Poecilia wandae

Scientific classification
- Kingdom: Animalia
- Phylum: Chordata
- Class: Actinopterygii
- Order: Cyprinodontiformes
- Family: Poeciliidae
- Genus: Poecilia
- Species: P. wandae
- Binomial name: Poecilia wandae Poeser, 2003

= Poecilia wandae =

- Authority: Poeser, 2003

Species of livebearer fish

Poecilia wandae is a poeciliid fish from Venezuela.

Poecilia wandae is a small poeciliid; adult males reach only 13–22 mm in standard length. The body is generally brown, and most individuals show between seven and ten vertical bars that begin at the caudal peduncle and fade out around the midpoint of the trunk. Some fish also display a stripe that follows the lateral line. The dorsal fin carries a blotch at its base and is edged in black, while the remaining fins lack markings. The species has an elongated profile and a laterally compressed head, and females usually exhibit fewer vertical bars than males. The species is remarkably similar to Poecilia caucana. Some individuals from the Rio San Juan/Rio Negro drainage are unusually pale and unmarked or have dark spots near the caudal base or below the dorsal fin; they may represent a distinct species or merely a color variant of P. wandae.
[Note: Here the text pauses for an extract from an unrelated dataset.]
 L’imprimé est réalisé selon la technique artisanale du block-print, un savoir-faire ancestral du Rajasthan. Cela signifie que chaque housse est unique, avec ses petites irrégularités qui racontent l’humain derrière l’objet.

Poecilia wandae is found in a number of river systems west of the Maracaibo Basin. Fred N. Poeser, who described it, named species after "Vanda Marisa Freitas de Leite, who wishes to be called Wanda."
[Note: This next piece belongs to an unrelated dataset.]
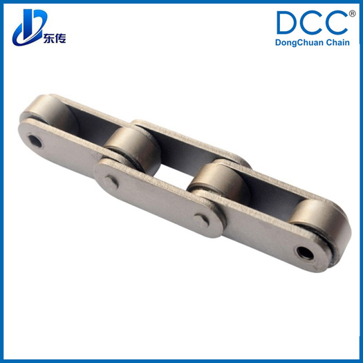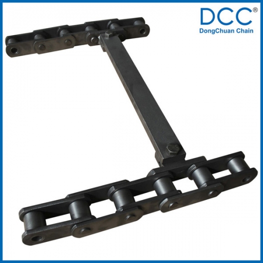 鏈條主要用于工程機械,鋪路機使用,鏈條為雙排鏈,在兩鏈條間裝配刮板,我們在裝配刮板的部位采用焊接工藝,并在鏈板中間沖定位孔,焊接附件用油壓機壓入鏈板后再進行焊接,增強附件的焊接牢固度,中間的刮板用中碳鋼熱處理,使刮板強度更高,更耐磨。并用平面磨床磨平刮板的兩平面,減少鏈條與設備間的間隙,通過以上這些工藝措施,鏈條的使用壽命得以大大的提高。

Morphological studies indicated a close relationship between Poecilia wandae and P. caucana, leading to the former's inclusion in the subgenus Allopoecilia within the genus Poecilia. Genetic studies placed P. wandae among the mollies, subgenus Mollienesia, explaining the similarities with P. caucana as the result of convergent evolution due to similar environmental pressures in the dry regions of northern South America. Its sister species is P. vandepolli; they form a clade with P. koperi and an undescribed species provisionally called P. cf. gillii. P. wandae and P. vandepolli likely diverged when the Lesser Antilles, which P. vandepolli inhabits today, became separated from the mainland by sea. P. koperi and P. wandae diverged slightly earlier than about 150 thousand years ago. The two species appear to be paraphyletic, meaning that their genetic lineages are not fully separated; this may reflect contemporary hybridization and genetic introgression where their ranges meet around Lake Maracaibo.